Only the lines below from the one with "dilution of 1:100" through the one with "Enter the desired" are to be written out, exactly and without any images.
(INFORMATION SUPPLIED)
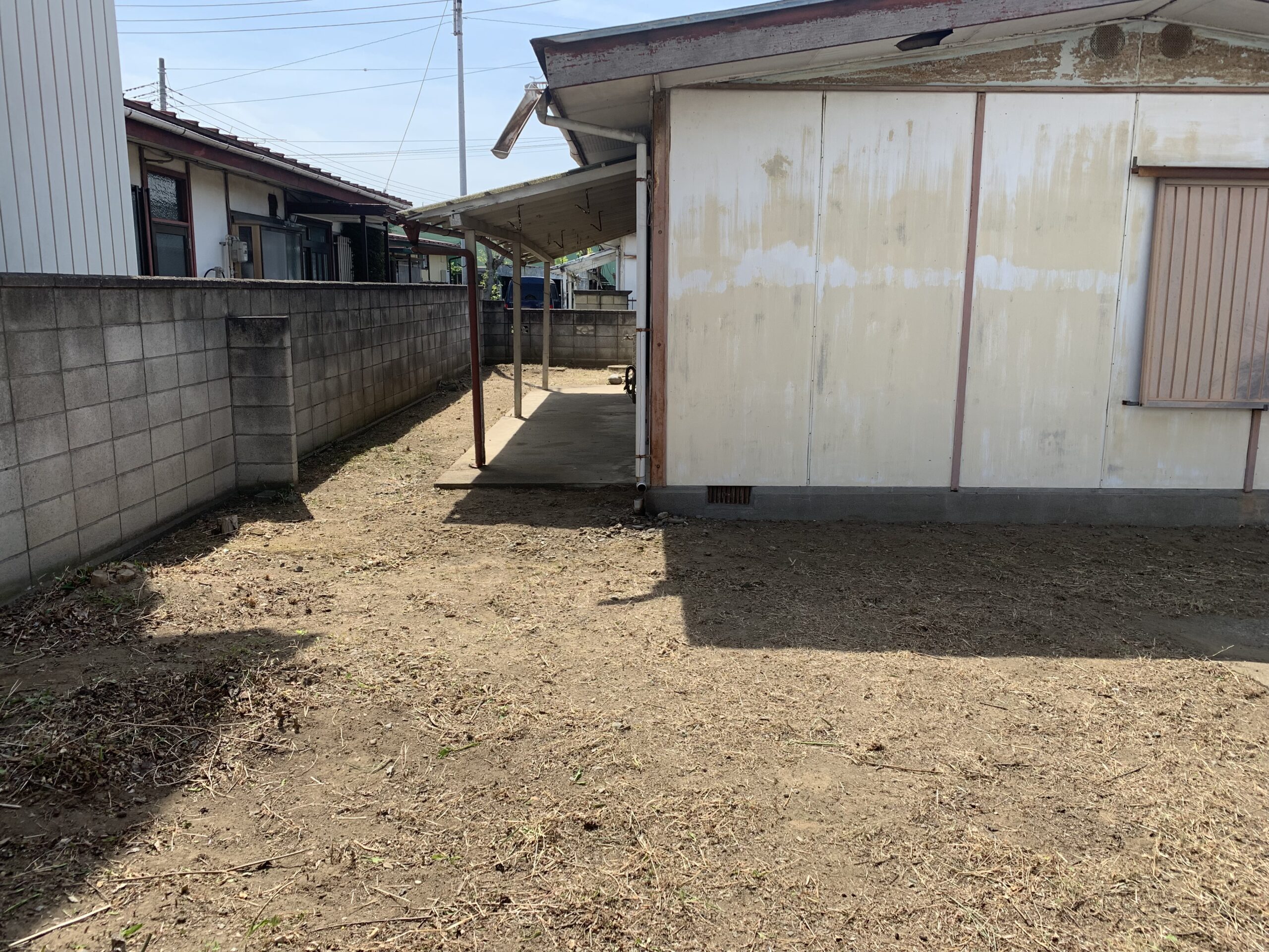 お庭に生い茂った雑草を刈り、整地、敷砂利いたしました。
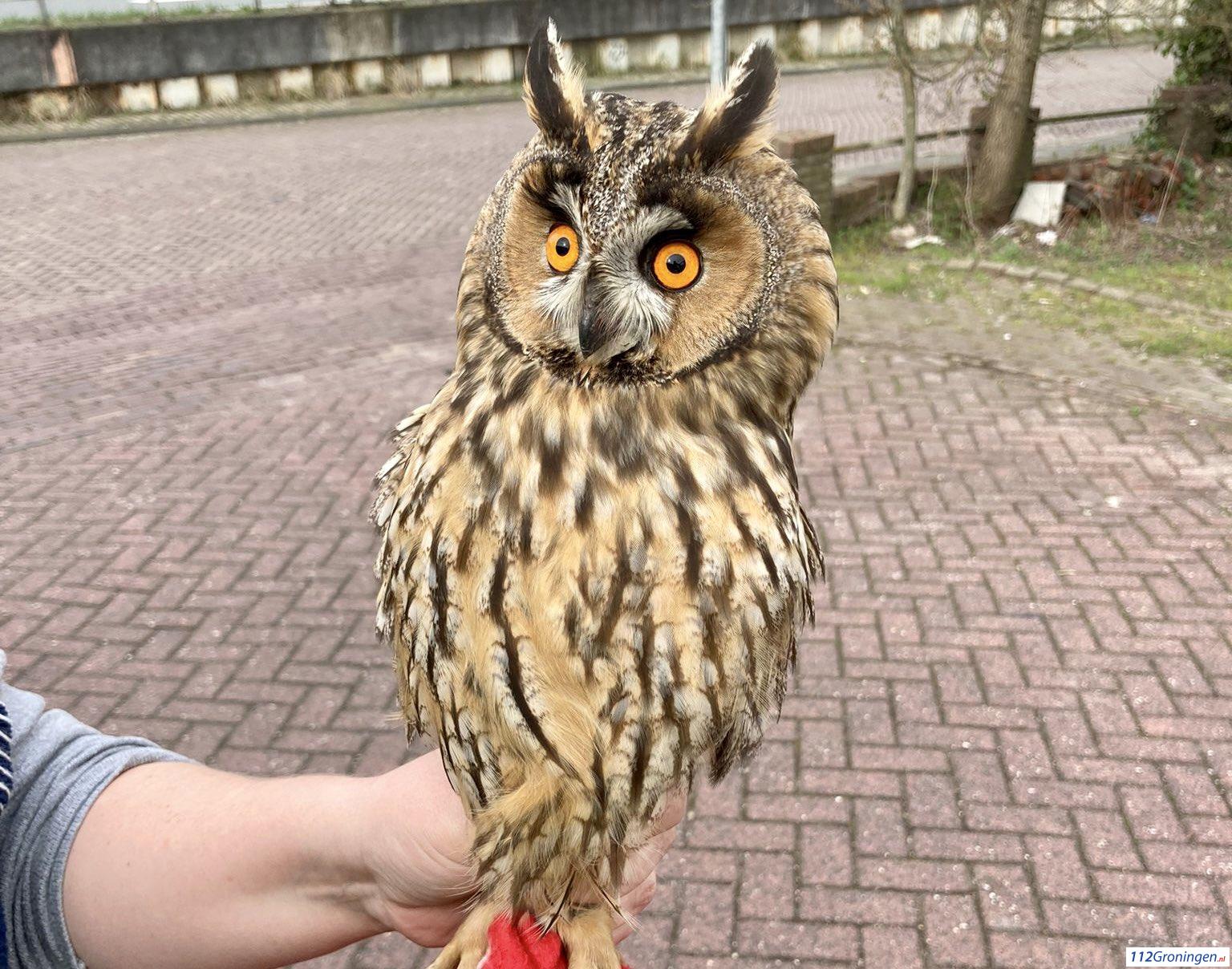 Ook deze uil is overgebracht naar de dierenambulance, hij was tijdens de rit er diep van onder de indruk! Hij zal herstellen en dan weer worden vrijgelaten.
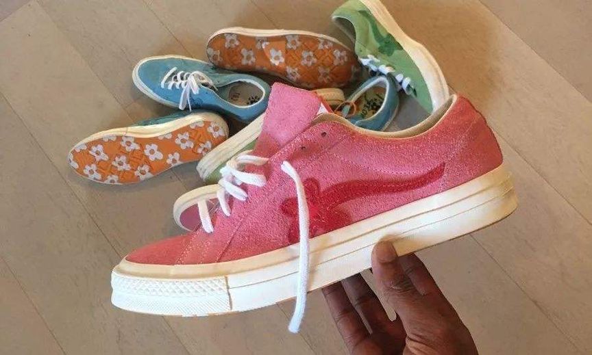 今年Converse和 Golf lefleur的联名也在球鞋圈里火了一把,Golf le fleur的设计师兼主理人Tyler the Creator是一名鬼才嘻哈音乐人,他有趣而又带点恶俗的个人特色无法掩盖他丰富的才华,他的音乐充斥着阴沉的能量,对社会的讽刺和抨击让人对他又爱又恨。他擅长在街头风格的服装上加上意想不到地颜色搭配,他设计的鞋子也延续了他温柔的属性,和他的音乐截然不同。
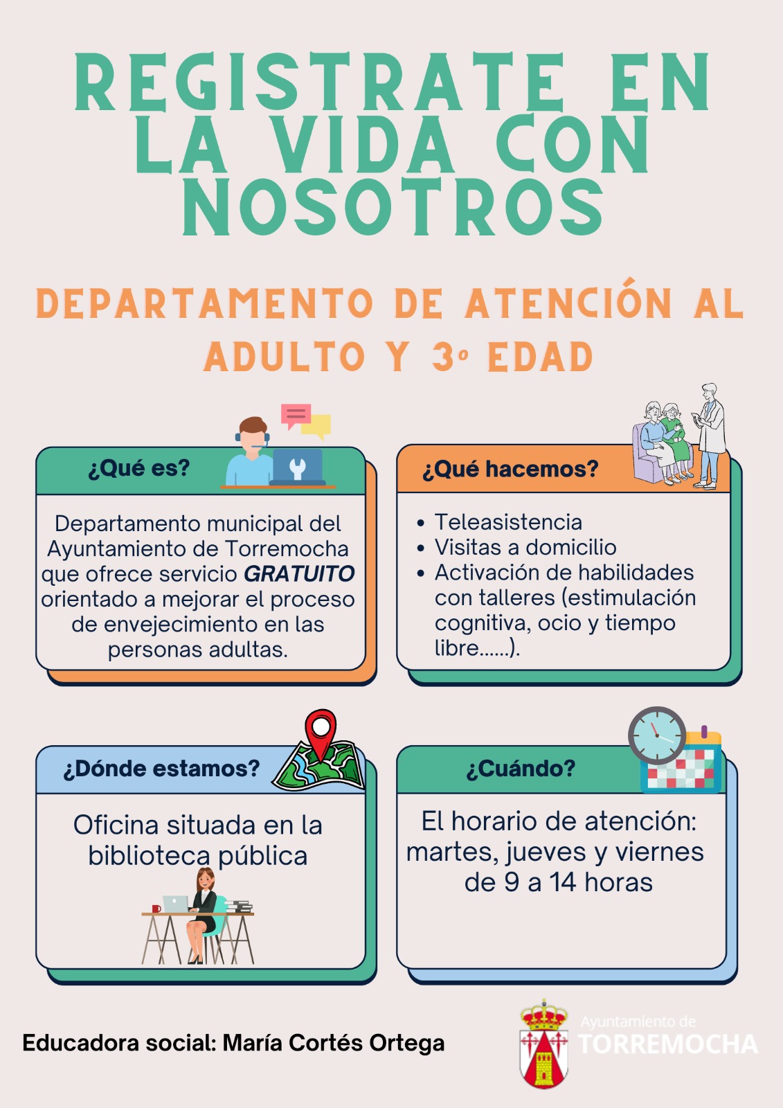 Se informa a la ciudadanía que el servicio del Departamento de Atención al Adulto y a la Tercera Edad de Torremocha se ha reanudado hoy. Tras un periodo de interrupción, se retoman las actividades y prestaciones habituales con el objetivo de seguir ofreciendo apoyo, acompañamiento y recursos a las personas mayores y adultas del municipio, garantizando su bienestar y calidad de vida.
(End INFORMATION SUPPLIED)
(INFORMATION SUPPLIED)
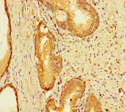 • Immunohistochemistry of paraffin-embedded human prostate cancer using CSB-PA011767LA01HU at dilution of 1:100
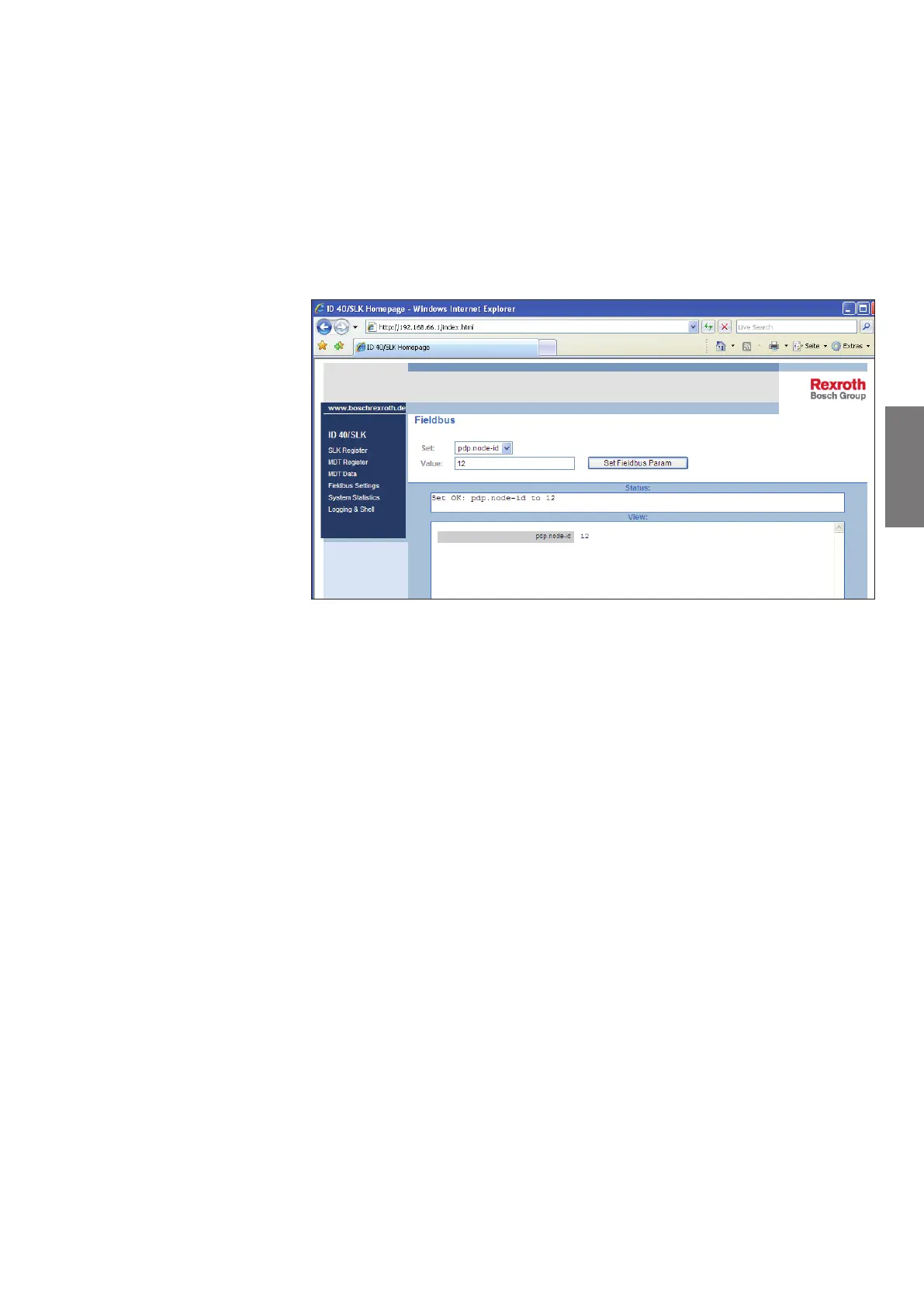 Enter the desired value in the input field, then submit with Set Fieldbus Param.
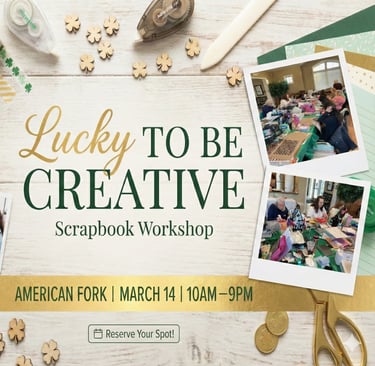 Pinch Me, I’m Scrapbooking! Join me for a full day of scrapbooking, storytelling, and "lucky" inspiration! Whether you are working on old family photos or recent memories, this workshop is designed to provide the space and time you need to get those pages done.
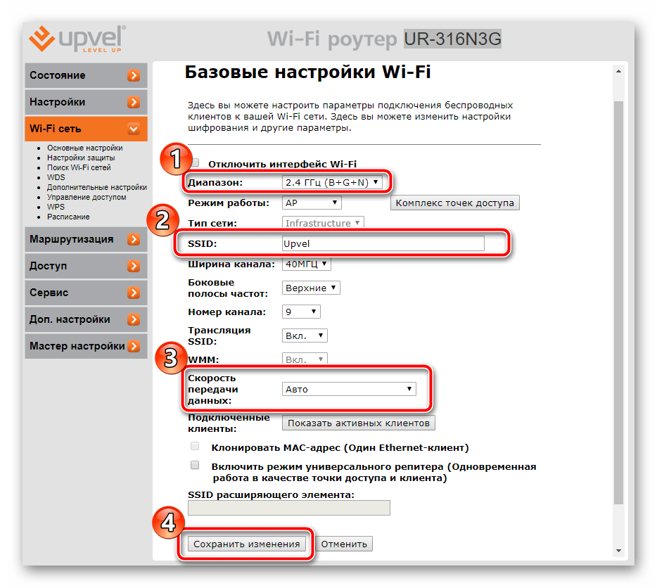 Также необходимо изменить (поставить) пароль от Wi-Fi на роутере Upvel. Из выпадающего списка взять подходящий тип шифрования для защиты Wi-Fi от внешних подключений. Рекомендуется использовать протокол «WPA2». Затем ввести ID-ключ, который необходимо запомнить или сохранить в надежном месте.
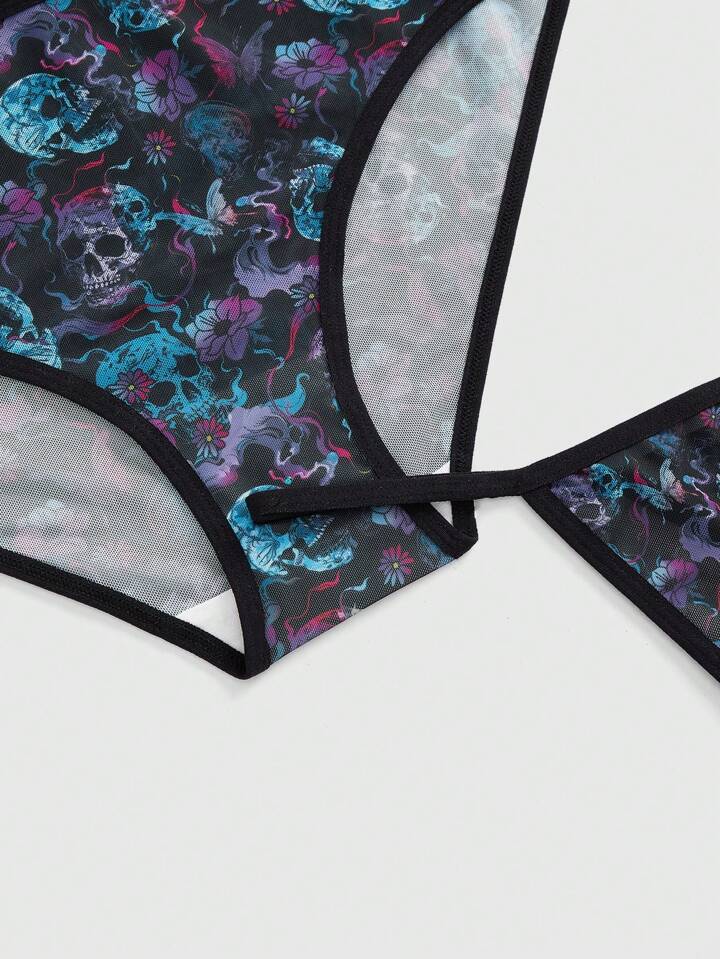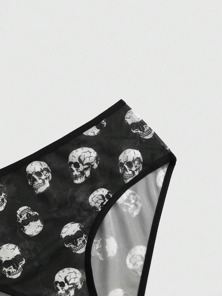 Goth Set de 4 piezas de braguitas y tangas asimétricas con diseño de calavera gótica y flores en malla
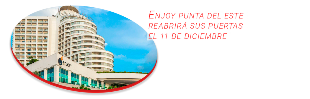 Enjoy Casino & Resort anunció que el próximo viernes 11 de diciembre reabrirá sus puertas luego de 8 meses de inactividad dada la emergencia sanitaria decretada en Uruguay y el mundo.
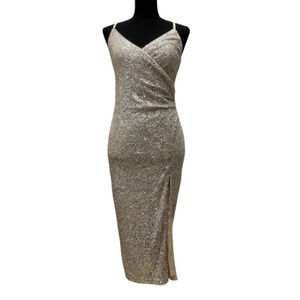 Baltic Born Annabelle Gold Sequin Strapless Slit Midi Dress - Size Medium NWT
(End INFORMATION SUPPLIED)
**SOLUTION FOR THIS PROBLEM**:
 • Immunohistochemistry of paraffin-embedded human prostate cancer using CSB-PA011767LA01HU at dilution of 1:100
 Enter the desired value in the input field, then submit with Set Fieldbus Param.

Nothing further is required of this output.